After Frutillar, I went to Chiloe, an island in the south
part of chile, one island, actually, there are thousands of islands in the
south. This is the most populated.
I headed straight for Chiloe’s capital Castro and there met
host Hugo. Hugo has a this house he’s been tweeking and customizing for a few
years. The next day I walked into town. Outside the downtown area, its all
residential winding roads. Getting to the plaza was a bit of a task. Every
house seemed to have a barking dog, or a tied up one. The yards are small. The
dogs seem full of fear.
Having a look downtown,
I decided to go to Chonchi, a nearby town. There wasn’t much to see
here. There was a beach and some barking dogs. It was grey. I walked around a
bit on some residential roads and headed back to the house to make pasta.
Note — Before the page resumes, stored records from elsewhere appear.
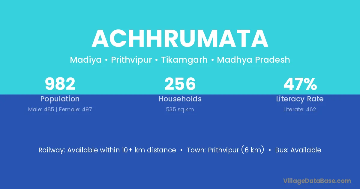 Achhrumata village has a total population of 982 people, of which 485 are males and 497 are females.
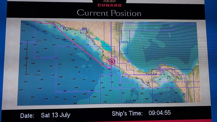 Yet another tranquil and restful day “doing very little.” I did see a few dolphins during breakfast in the Lido. I think I needed to relax after a long but very interesting coach and boat trip in Guatemala. The disaster I described earlier was, in fact, a volcanic eruption with major tragic consequences. I am not sure, yet when this occurred, but I believe fairly recently.
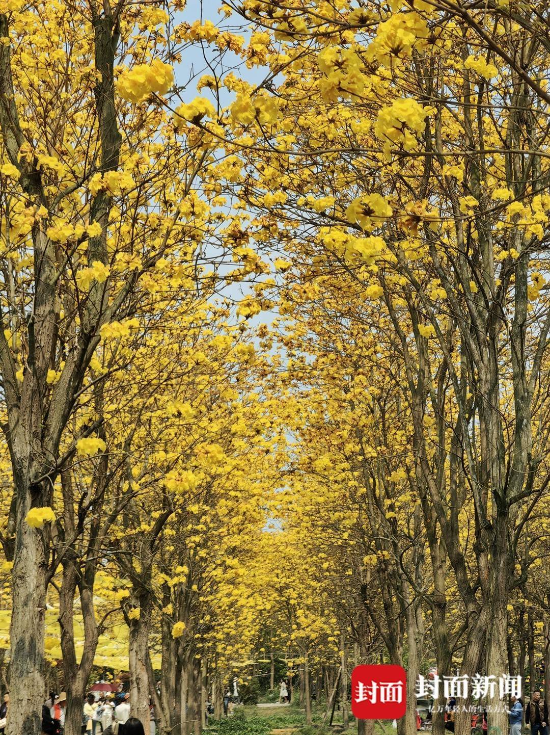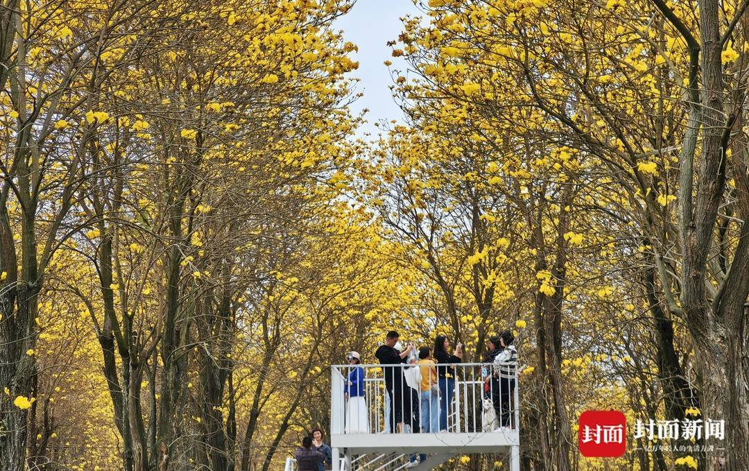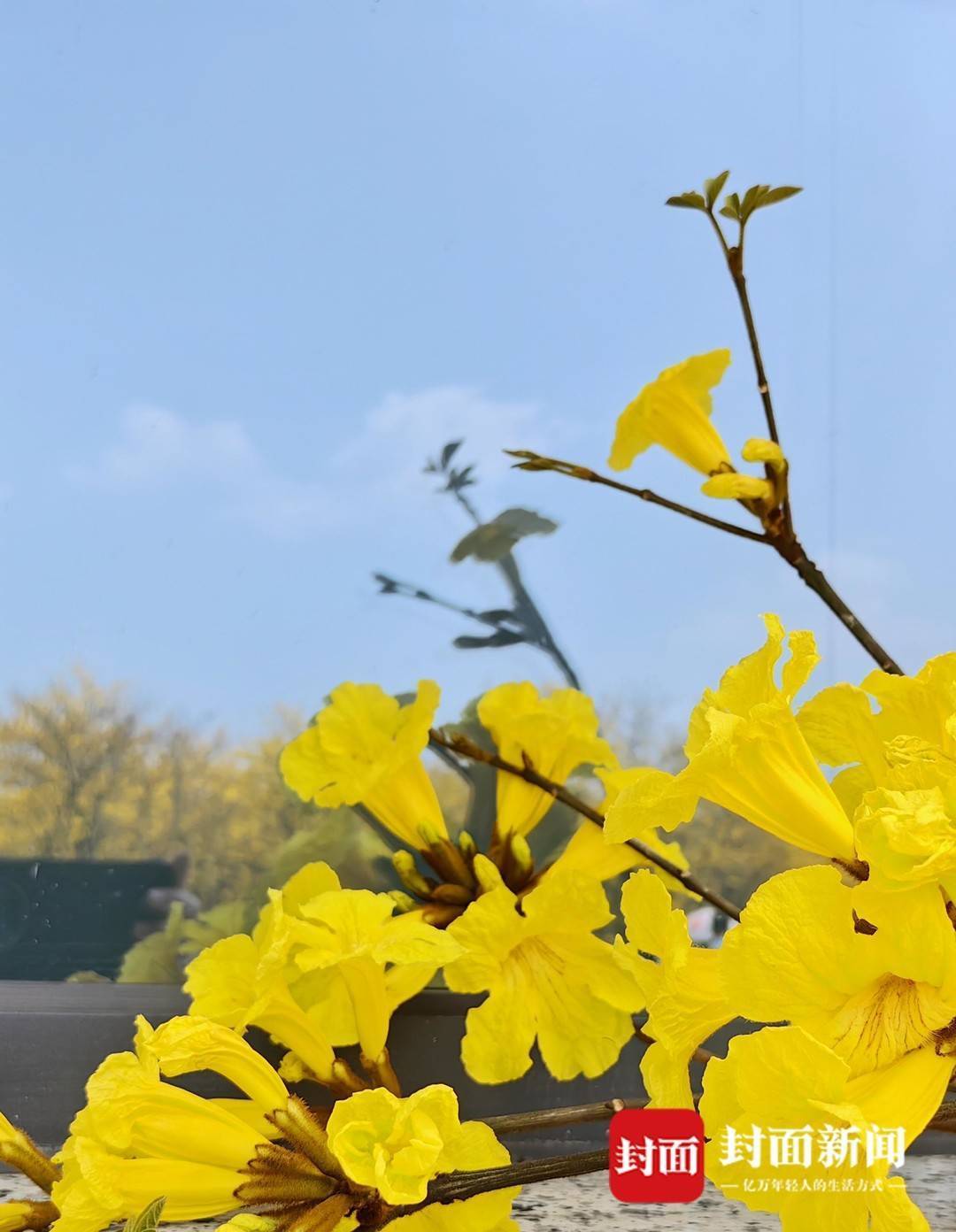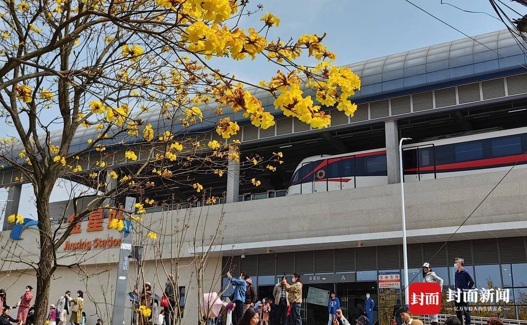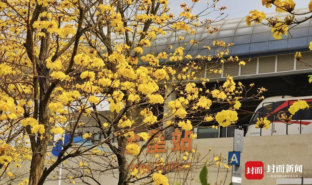 地铁17号线金星站外有一片黄风铃木花正在盛开,当列车驶入站前,车窗外金黄色的风铃木花映入眼帘。春光明媚、风和日丽的周末,众多市民在这里赏花打卡。

The pasta was mediocre. The tomatoes were obviously
transgenic, had the right texture, but tasted like rubber. Produce here is
expensive.
The next day I headed to Cucao, the main park on the island.
It was nice, I wouldn’t venture to say drop dead beautiful as the locals claim
it to be, but I did enjoy the wooden walkways that resembled catwalks.
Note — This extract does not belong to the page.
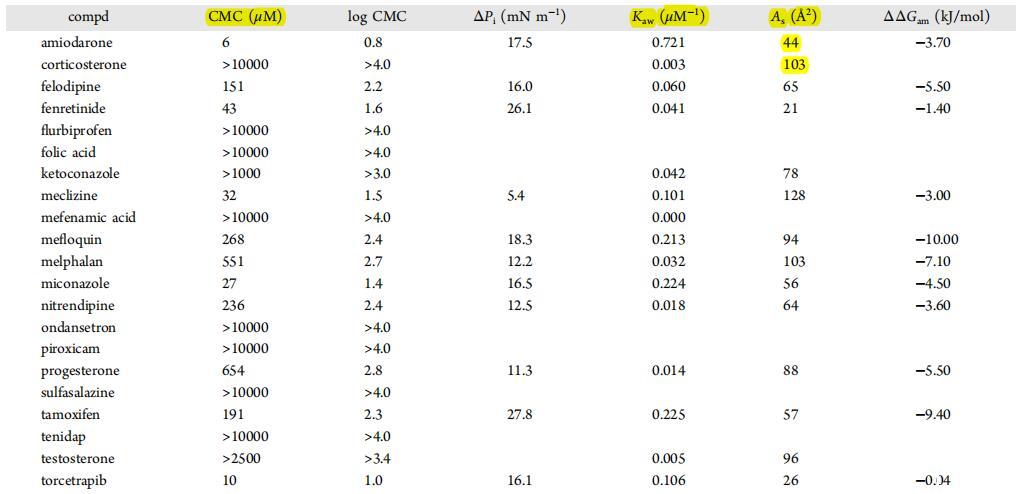表面活性測定?;衔镌贒MSO中連續(xù)稀釋超過12種不同濃度,并在pH值為6.5的0.05 M磷酸鹽緩沖液中添加至最終10%的DMSO含量。最終化合物濃度默認(rèn)范圍為10 nM至10 mM。在第二次實驗中,對于達(dá)到溶解度極限或需要對相關(guān)濃度范圍進(jìn)行解析以確定最佳參數(shù)的情況,定義了替代濃度范圍。樣品靜置10分鐘,以便在液體中平衡?空中接口。表面壓力分布在張力計(MultiPi WS1,Kibron Inc.,芬蘭赫爾辛基)上進(jìn)行,通過之前的測量(72.8 mN/m)對50μL等份樣品進(jìn)行校準(zhǔn)。通過對生成的等溫線進(jìn)行曲線擬合確定表面活性參數(shù),并根據(jù)經(jīng)典的空氣吉布斯熱力學(xué)理論進(jìn)行計算?水里,臉上。主要導(dǎo)出參數(shù)如下。(i)考:空氣?水分配系數(shù),來自等式2

There are a few microclimates and a beach. It rained the
last half of my time there.
The next day I headed to the nearby island Achao. Achao is
nice. Tranquil.
I stayed by the beach most of the time. The dogs are friendly
and erratic.
I spinned a bit, under a small pavilion building overlooking the
beach. A group of 12 adolescent boys
came over in close proximity and proceeded to drink juice and beer and smoke
while I was dancing. I got the impression they were on a school lunch break.
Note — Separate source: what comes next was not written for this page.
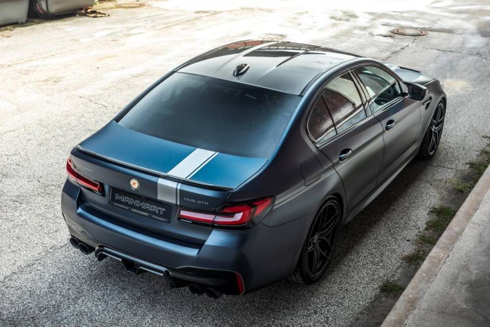 Η εμφάνιση χαρακτηρίζεται από το χρώμα Moonlight, που είναι αποτέλεσμα μεμβρανών, το νέο καπό και τις ζάντες των 21 ιντσών. Ένα ειδικά εξελιγμένο coilover kit της KW φροντίζει τόσο για το παρουσιαστικό, όσο και το στήσιμο του αυτοκινήτου. Εντύπωση προκαλεί η απουσία του κλασικού συνδυασμού μαύρου χρώματος-χρυσαφί λωρίδων στο αμάξωμα, που χαρακτηρίζει τις δημιουργίες της Manhart. Πιθανώς ενδεικτικό του πόσο ιδιαίτερη είναι η MH5 GTR, όπως ονομάζεται η βελτιωμένη M5 CS.

The next day I headed to a town in the north of Chiloe,
Ancud. I hadn’t heard great things about this place but I found it to be lovely
town.
I found this little, local bakery,
I believe the former living room of a house, which had amazing bread, just the
right amount of salt.
I walked through town and along the beach. The main plaza
was lovely and active.
The next day I headed out south to the port city of Quellon
to take a boat to Chacabuco. I got there at 11am to find the boat ticket office
closed. So I waited a bit by the beach. I hadn’t heard good things about
Quellon, and at this point, believed them to be true, but later I had a walk to
the plaza, which over looks the ocean. I was looking for an appropriate place
to spin, as there were none down near the beach in front of the boat office. At
the plaza I encountered a young group of jugglers, poi dancers, and other
circus skilled types. I showed some of the poi dancers a few tricks.
One of
them invited me to check out a beach on the opposite side of Quellon that over
looks the city. Her mom took us, along with her boyfriend and brother. The view
was nice.
After they invited me to stay at their house until my
departure time. There they fed me, and I met her dog.
I boarded the boat.
The trip crossing to Chabuco was peaceful all but at one point when the waters were turbulent and there was much rocking. It was 30 hours crossing. I saw a lot of uninhabited islands and had lots of time to meditate, read, and look at the chilly wind whipping the water.